The Methods section detailed the data collection, preprocessing and curation of the MLOmics datasets. To validate the collected datasets, we set up a series of classification, clustering and imputation experiments each with a wide array of models ranging from conventional statistical models to deep neural networks. The experimental results and evaluations are summarized in Fig. 3.

Fig. 3
figure 3

Experimental results and downstream analyses of machine learning baselines applied to MLOmics datasets. (a) PREC bar plots for each baseline method across all datasets. Overall, machine learning-based methods (Subtype-GAN, DCAP, MAUI, XOmiVAE, CustOmics, and DeepCC) outperformed traditional statistical methods (SVM, XGBoost, RF, and LR). (b) SIL heatmaps for each baseline method across all datasets. Methods employing deep generative neural network architectures (Subtype-GAN, DCAP, MAUI, XOmiVAE, and MCluster-VAEs) generally outperformed other methods (SNF, NEMO, CIMLR, iClusterBayes, and moCluster). (c) Box plots for each baseline method across three imputation datasets. Matrix decomposition methods (SVD, Spectral) outperformed deep learning-based methods (GAIN, GNN). (d,e) Schematic illustrations of downstream analysis results based on the clustering outcomes of XOmiVAE applied to specific cancer patient clustering datasets. In the survival analysis plot, survival curves in different colors correspond to distinct clustering groups. In the volcano plot and KEGG pathway analysis, red and blue indicate downregulated and upregulated genes between patient groups, respectively. In the patient group clustering plot, different colors represent samples belonging to different clusters. In the simulated gene knockout analysis, red and green dots indicate sample clustering before and after expression knockout, respectively.

Usage Notes

We provide comprehensive guidelines for utilizing the MLOmics repository, as illustrated in Fig. 4. All codes and files are ready for direct loading and analysis using standard Python data packages such as NumPy and Pandas.

Fig. 4
figure 4

The code usage note of MLOmics. The MLOmics can be used following the illustrated code usage instructions, including MLOmics setup, code usage for custom model-task-dataset specifications, and code for downstream analysis workflows.
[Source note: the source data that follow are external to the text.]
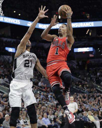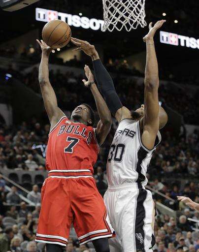 SAN ANTONIO (AP) - Kawhi Leonard had 29 points and LaMarcus Aldridge had 26 points and 10 rebounds and the San Antonio Spurs won their 31st straight at home to open the season by upending the short-handed Chicago Bulls 109-101 on Thursday night.
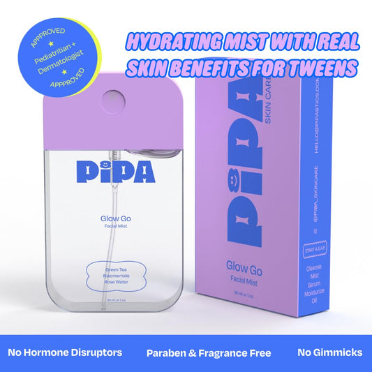 Pipa Clean Start Skincare Bundle for Kids & Tweens – Glow Go Mist, Smooth Operator Moisturizer, and Squeaky Clean Cleanser for Gentle, Hydrating, and Effective Daily Skincare
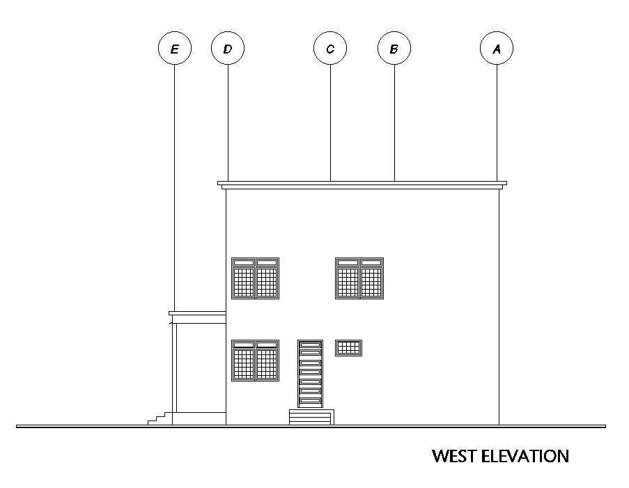 West side elevation of 26x12m office plan is given in this Autocad drawing file. Download the Autocad file.

As a demonstration of how to use MLOmics for machine learning applications, we provide 20 classification, clustering, and imputation tasks with fair evaluation protocols for pan-cancer analysis, cancer subtypes, and omics imputation. Access to these resources is provided in the Code Availability section. A rising trend in multi-omics analysis is to integrate multi-omics data (non-network data) with biological networks to better understand complex functions on the gene or protein level. MLOmics provides offline linking resources for well-established databases such as STRING12 and KEGG13. We hope it can lower the barriers to entry for machine learning researchers interested in developing methods for cancer multi-omics data analysis, thereby encouraging rapid progress in the field.